5:58 – 8:36 | MIPS value pathways: what they mean for specialists Black explains how MVPs work in 2026, why practices can opt in now and let CMS take the higher of the two scores, and what the shift to four quality measures instead of six means for specialty practices. She flags where sub-specialties may run into trouble finding applicable measures.
8:36 – 10:14 | Lessons from ophthalmology Drawing on Sightview's eye care client base, Black reports that practices opting into MVPs are scoring roughly the same as traditional MIPS — and says the takeaway for all specialties is to start looking at MVPs now and focus on measures specific to your patient demographics.
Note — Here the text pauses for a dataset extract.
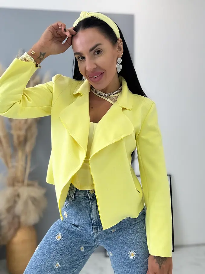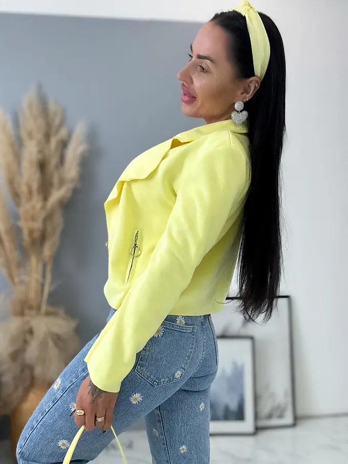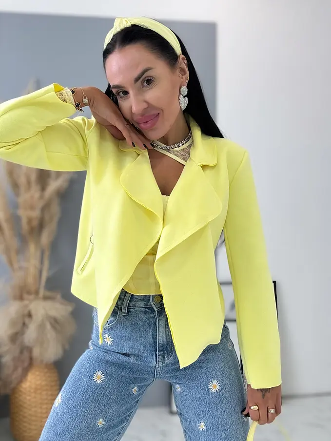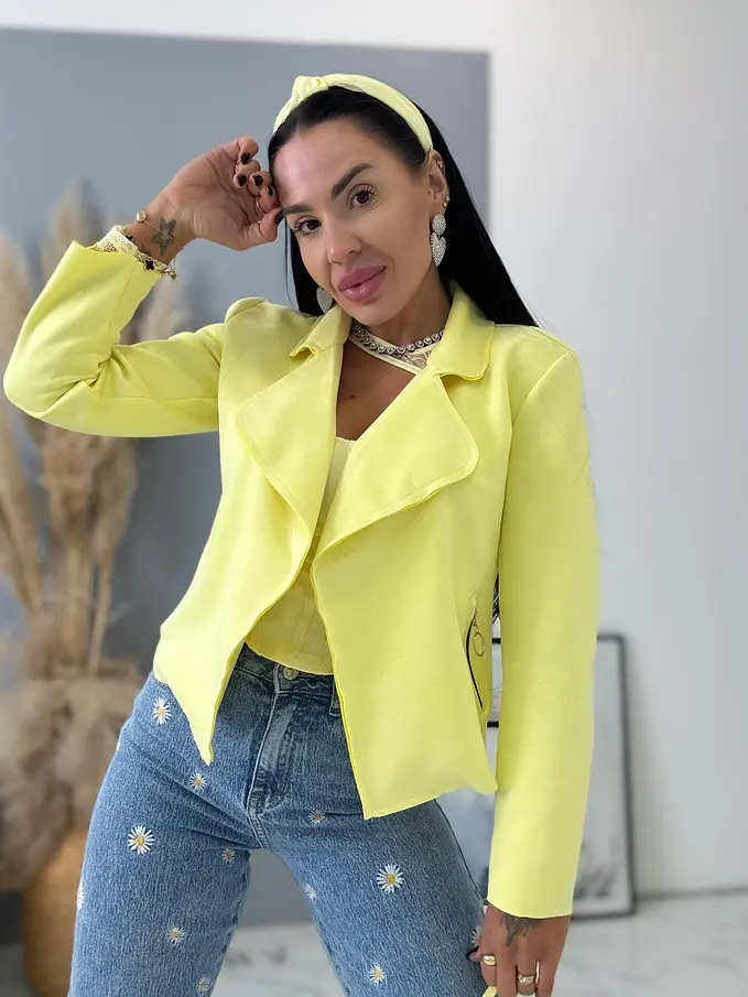 Dámsky blejzer z velúrového materiálu. Materiál je jemne elastický. Bez zapínania, bez podšívky. Má nefunkčné vrecká, zips v striebornej farbe.

10:14 – 11:02 | P2 Management Minute Keith Reynolds shares practice management tips and invites listeners to submit their own workflow ideas.
11:02 – 14:08 | Compliance mistakes that are still costing practices Black walks through the most common and avoidable errors: missed registry mapping deadlines, EHR switching mid-year without updating the registry, failing to validate data throughout the year, and leaving all MIPS responsibility on the practice administrator.
14:08 – 15:44 | How EHR documentation affects your MIPS score Since CMS eliminated manual data submissions last year, EHR use is now essential for meaningful MIPS reporting. Black explains why structured fields, automated workflows and patient portal engagement all feed directly into performance scores.
15:44 – 17:07 | Protecting Medicare revenue without adding administrative burden Black's practical advice for small and mid-size practices: use the EHR to its full capability, understand your category weights, and double-check registry data rather than assuming it's pulling correctly. Quality and cost categories each carry 30% of the total score.
17:07 – 19:00 | MIPS priorities for time-strapped practices For practices with only a few hours a month to dedicate to MIPS, Black says focus on tracking the right measures and reviewing workflows with the team — drawing on her own experience spending five hours a month as a MIPS coordinator at a medical practice.
19:00 – 20:38 | Final advice and outro Black closes with a reminder to check qpp.cms.gov regularly and never assume last year's approach still applies — especially for improvement activities, where documentation requirements can shift quietly from year to year. Littrell thanks listeners and wraps the episode.